Diff Quik and Papanicolaou are complementary and the most utilized types of staining. Diff Quik provides an immediate evaluation of the smears, keeps the background, highlights fibrous connective tissue metachromasia and the orange granules of eosinophils. Papanicolaou provides detailed information on the nucleus and cytoplasm; if necessary, the smear can be distained and used for immunocytochemical stains.
Management of diagnostic material is a crucial point in diagnostic cytology, and mainly in lymph node cytopathology; perfect smears and their immediate evaluation are the first steps of a correct and accurate diagnosis. Ancillary techniques are necessary for accurate diagnosis and indispensable in cases of non-Hodgkin lymphoma (NHL). Nonetheless not all these techniques are available in basic cytology laboratories and each of them has its own specific applications. In fact, FC, which provides extremely useful information for the diagnosis and often the classification NHL, is unsuitable to diagnose Hodgkin lymphoma (HL) and metastases. Conversely, ICC by combining morphological details and immunophenotypic features, is highly contributive in the diagnosis of HL and metastases but may be less effective in light chain evaluation or in the identification of T-rich B-cell NHL. FISH is highly effective in the identification of specific NHL entities but is generally used only when there is substantial diagnostic orientation. These problems, the general scantiness of FNC material and the need to capitalize technical resources have suggested the following algorithm.
Ancillary techniques are indispensable in the diagnosis and classification of most of the lymph node FNC. Each of them may produce specific information and should be used considering the clinical data and cytological features.
The material left in the hub of the needle and/or obtained from a second pass may be suspended in buffered solution at pH 7.4. One or two million cells, easily obtained from one pass, are needed to prepare six or more cytospins to be used for immunocytochemistry. Air dried cytospins can be stored at room temperature for up to 1 week; for longer periods (1-2 years) they need to be stored at -20°. Both immunoalkaline phosphatase and immunoperoxidase can be used on cytospin.

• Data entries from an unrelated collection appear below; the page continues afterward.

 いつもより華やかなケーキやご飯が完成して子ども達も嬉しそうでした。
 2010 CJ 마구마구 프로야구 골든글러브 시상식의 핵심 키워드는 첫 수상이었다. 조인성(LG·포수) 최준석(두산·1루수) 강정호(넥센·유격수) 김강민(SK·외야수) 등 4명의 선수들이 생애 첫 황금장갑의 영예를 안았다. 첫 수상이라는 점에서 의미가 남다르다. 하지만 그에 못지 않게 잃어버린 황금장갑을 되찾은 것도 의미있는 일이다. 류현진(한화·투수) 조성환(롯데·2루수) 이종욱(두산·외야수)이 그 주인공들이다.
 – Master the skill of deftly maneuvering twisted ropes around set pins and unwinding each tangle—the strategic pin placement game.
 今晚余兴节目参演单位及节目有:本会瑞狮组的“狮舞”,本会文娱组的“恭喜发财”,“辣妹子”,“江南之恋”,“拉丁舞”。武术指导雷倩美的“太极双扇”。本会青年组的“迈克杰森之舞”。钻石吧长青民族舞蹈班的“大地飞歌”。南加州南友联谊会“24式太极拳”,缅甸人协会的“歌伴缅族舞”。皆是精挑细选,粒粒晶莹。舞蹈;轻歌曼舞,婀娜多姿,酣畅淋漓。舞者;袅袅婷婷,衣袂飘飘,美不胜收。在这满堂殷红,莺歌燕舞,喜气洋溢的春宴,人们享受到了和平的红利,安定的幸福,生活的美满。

Cell blocks can be prepared by embedding centrifuged cell suspensions in paraffin; Cytoblock cassettes for formalin fixed cell suspensions may be used. The main advantages of cell blocks are the numerous sections they produce, their long term storage, and the same antigenic conditions as formalin fixed histological sections.

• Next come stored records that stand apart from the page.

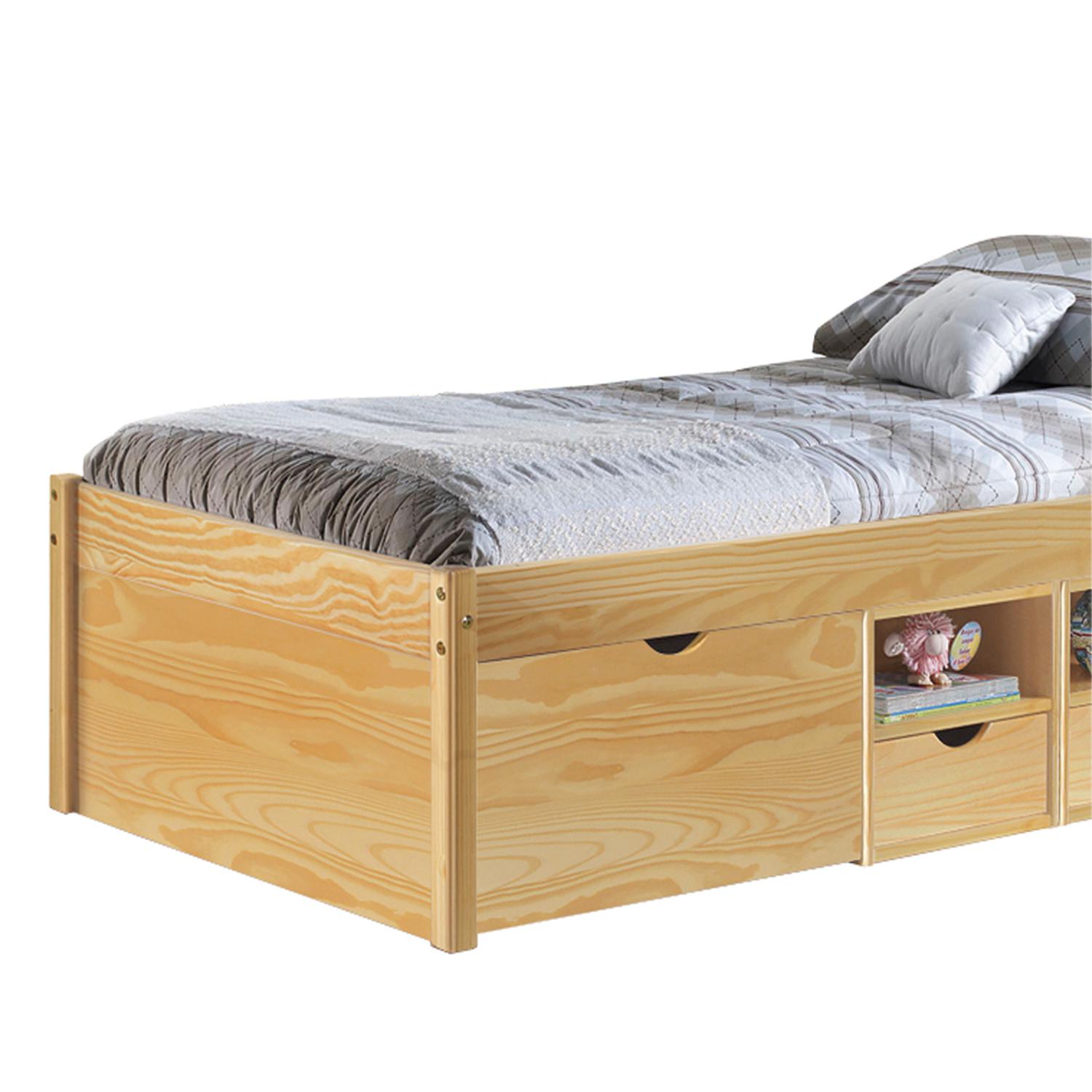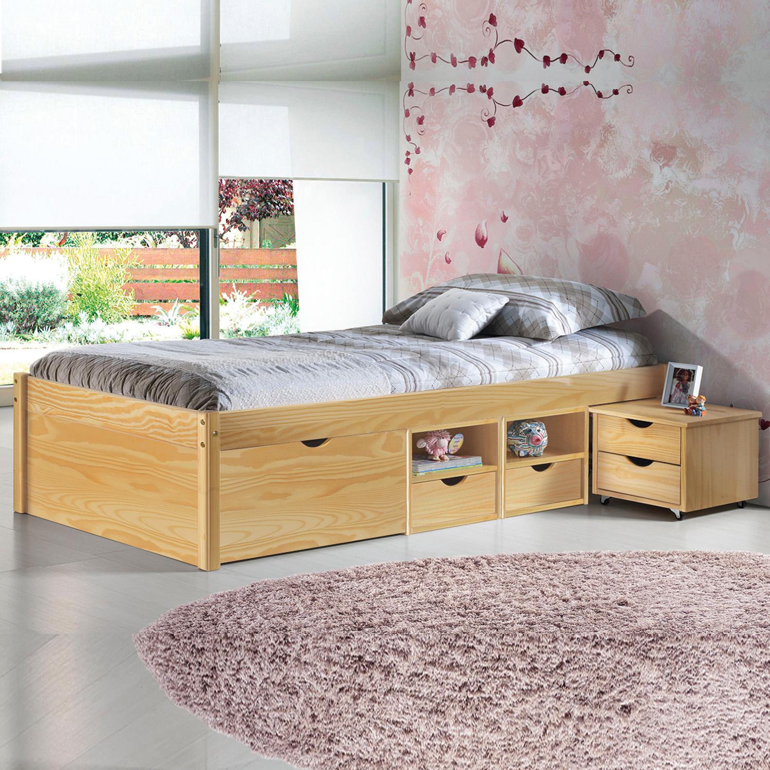 Pevné lôžko s prakticky riešeným úložným priestorom je skvelým riešením do študentských bytov, detských izbičiek i menších spální. Multifunkčná posteľ CLAAS 90 × 200 cm v prevedení masív borovica splní všetky vaše predstavy o pohodlnom a pritom praktickom lôžku. Nielenže je vďaka použitému drevu celkom kvalitné, takže vám dopraje plnohodnotný spánok, ale množstvo zásuviek a krásny výsuvný stolík umiestnený po boku lôžka budete zbožňovať. Veľká zásuvka poslúži na uloženie prikrývky a vankúša, menšia na umiestnenie drobností, ako sú knihy, hračky či posteľná bielizeň. Poličky nad zásuvkami je možné ozdobiť podľa svojho gusta a dať tak posteli vami požadovaný vzhľad, vložiť je možné knižky, dekorácie či farebné krabice a boxy. Nočný stolík je možné nechať schovaný a večer ho vytiahnuť k obľúbenému čítaniu či odloženiu mobilného telefónu. Multifunkčná posteľ bude vždy vďaka zásuvkám perfektne uprataná a izba tak získa upravený vzhľad ako z katalógu.
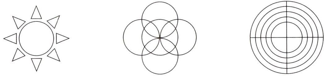 1. 中间圆形为基本图形,周围三角形绕圆心顺时针(或逆时针)依次旋转60°得到。
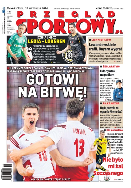 Gotowi na bitwę – na ten mecz czeka cała Polska, jeśli dziś w Łodzi biało-czerwoni wygrają albo przegrają 2-3 z Rosją, awansują do półfinału; dzisiaj mecz Legia vs Lokeren – Mistrzowie Polski zaczynają grę w fazie grupowej Ligi Europy, której finał zostanie rozegrany w Warszawie; Lewandowski nie trafił, Bayern wygrał – w szlagierowym meczu piłkarze z Monachium pokonali Manchester City 1:0 – wczoraj na ośmiu stadionach ani razu nie triumfowali goście; nie było mi żal Szczęsnego – Borussia Dortmund udanie rozpoczęła Ligę Mistrzów, pokonując Arsenal Londyn 2:0 – „Gra mojego zespołu była bliska perfekcji” - Łukasz Piszczek.
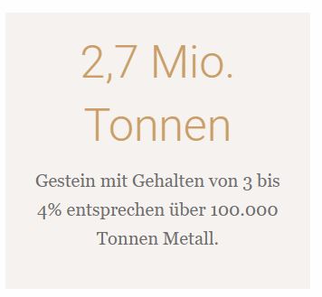Gestein mit Gehalten von 3 bis 4% entsprechen über 100.000 Tonnen Metall.
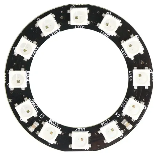 The 5 full-colour RGB LEDs are mounted on the boards centre line and are driven by a small onboard chip which is pre-programmed to deliver 4 patterns, selected by pressing the button to step through them:
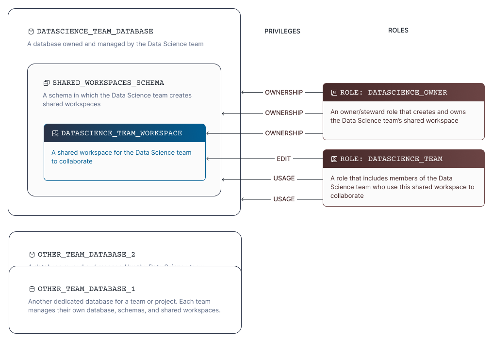 Shared workspaces are created as schema-level objects within a standard database and follow Snowflake’s existing role-based access control (RBAC) model.

Ethanol fixed smears or xylene dewaxed and alcohol rehydrated paraffin sections obtained from cell-blocks can be used for this purpose. Slides are placed in Coplin jars filled with a 0.01 M tri-sodium citrate solution, and microwave-heated three times for 5 minutes. After heating, slides are thoroughly rinsed in cool running water for 5 minutes and then washed in Tris-Buffered Saline (TBS) pH 7.4. After incubation with the primary Ab, slides are covered with biotinylated anti-mouse or anti-rabbit immunoglobulins, followed by peroxidase labelled streptavidine (LSAB); the signal is developed using diaminobenzidine (DAB) as chromogen after incubation for 10 minutes with Horse Peroxidase Enzime (HRP).

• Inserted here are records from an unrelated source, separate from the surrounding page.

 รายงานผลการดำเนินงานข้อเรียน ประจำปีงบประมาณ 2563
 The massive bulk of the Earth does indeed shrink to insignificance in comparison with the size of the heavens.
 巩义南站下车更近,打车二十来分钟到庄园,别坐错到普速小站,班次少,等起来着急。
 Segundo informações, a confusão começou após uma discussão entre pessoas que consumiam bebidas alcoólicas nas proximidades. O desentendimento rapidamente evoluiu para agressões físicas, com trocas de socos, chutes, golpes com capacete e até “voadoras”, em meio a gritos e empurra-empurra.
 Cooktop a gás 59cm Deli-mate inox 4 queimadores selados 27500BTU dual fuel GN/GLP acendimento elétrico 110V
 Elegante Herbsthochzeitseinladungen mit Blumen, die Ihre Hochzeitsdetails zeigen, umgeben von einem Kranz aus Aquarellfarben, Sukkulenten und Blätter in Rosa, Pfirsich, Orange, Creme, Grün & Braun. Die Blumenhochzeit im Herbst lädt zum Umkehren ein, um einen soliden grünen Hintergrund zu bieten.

The remaining material in the hub of the needle or from additional passes can be suspended in RMPI-1640 or in buffered solution at pH 7.4. One or two million cells, which can be collected in one pass, are distributed into six tubes for a basic panel of fluoresceinated antibodies. The latter are used in groups of three or even four antibodies conjugated with different fluorochromes using double lasers instruments. If possible, it may be useful to keep one tube for further evaluation. Fluoresceinated antibody conjugation has to be performed timely because vital cells may swell in the suspension. After conjugation, cell swelling may be prevented by fixation, adding a drop of buffered formalin; analysis may thus be postponed or repeated. Advantages of FC are: direct reaction antigen-antibody, exact quantification of antigen expression, possible co-expression of two different antibodies on the same cells. Disadvantages are the absence of morphology, loss of large cells, difficulty to identify numerically scanty cell populations.
Fluoresceinated DNA probes are used to visualize specific DNA segments. Chromosomal abnormalities, namely translocations and deletions may be observed and quantified. FISH may be performed on smears or cytospins. The advantage of using cytospins are: high cells concentration, probe sparing and short analysis time.
Aspirated cells may be suspended in RNAlater® for both RNA and DNA preservation and extraction. Cells may be stored at room temperature until DNA extraction. DNA segments are amplified using oligonucleotide probes and polymerase enzymes in repetitive cycles of denaturation, annealing and extension. The amplification products may be analysed by gel electrophoresis or capillary electrophoresis. The JH locus of Ig heavy chains or Tc receptor may be amplified and evaluated to assess monoclonality or polyclonality.